"Do I need one? Why?" These are usually the first questions asked about a limited-slip differential. "We've found through rallying on many different surfaces," said Tim O'Neil, "that a limited-slip becomes important when you get up around 160 to 170 bhp. If you're on a slippery surface, say 130bhp. If it's really grippy, maybe 180bhp. It's when you start to get a little wheel lift [as weight transfers] that a limited-slip becomes important. On a road course, an lsd can help keep that light wheel from locking up under heavy braking. And, of course under heavy acceleration in a corner an lsd will keep the inside wheel from spinning as the suspension unloads."

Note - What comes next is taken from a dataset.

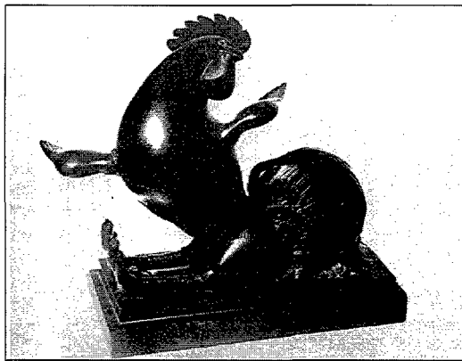
Fig. 3. Gimnàstica. Bronze, petit format. Fig. 3. Gimnasia. Bronce, pequeño formato.

Recordarem també que l'any 1988 la sala d'art Artur Ramon presentà una exposició d'escultures i dibuixos sota el nom El Bestiari de Josep Granyer. D'entre les 10 extraordinàries escultures en bronze hi havien 3 de temàtica esportiva. Una gallina d'ales desplegadas que correspon al títol de Gimnasta , dos peixos lluitant enllaçats ( Lluita ) i un cavall dret sobre dues potes mentre aguanta la sella amb les

If you drive your car hard, skip to the source box at the end of the story and order one of these differentials. If you want to know why, keep reading and I'll do my best to explain.
When a car goes around a corner, the inside wheel travels a shorter distance than the outside wheel and thus spins more slowly. A solid axle won't allow this, so long ago the differential was invented. The standard open differential has axles connected to two bevel-cut gears joined by two bevel-cut spider gears and allows the wheels to rotate at different speeds while staying mechanically connected, via the ring and pinion gears , to the transmission. This is good.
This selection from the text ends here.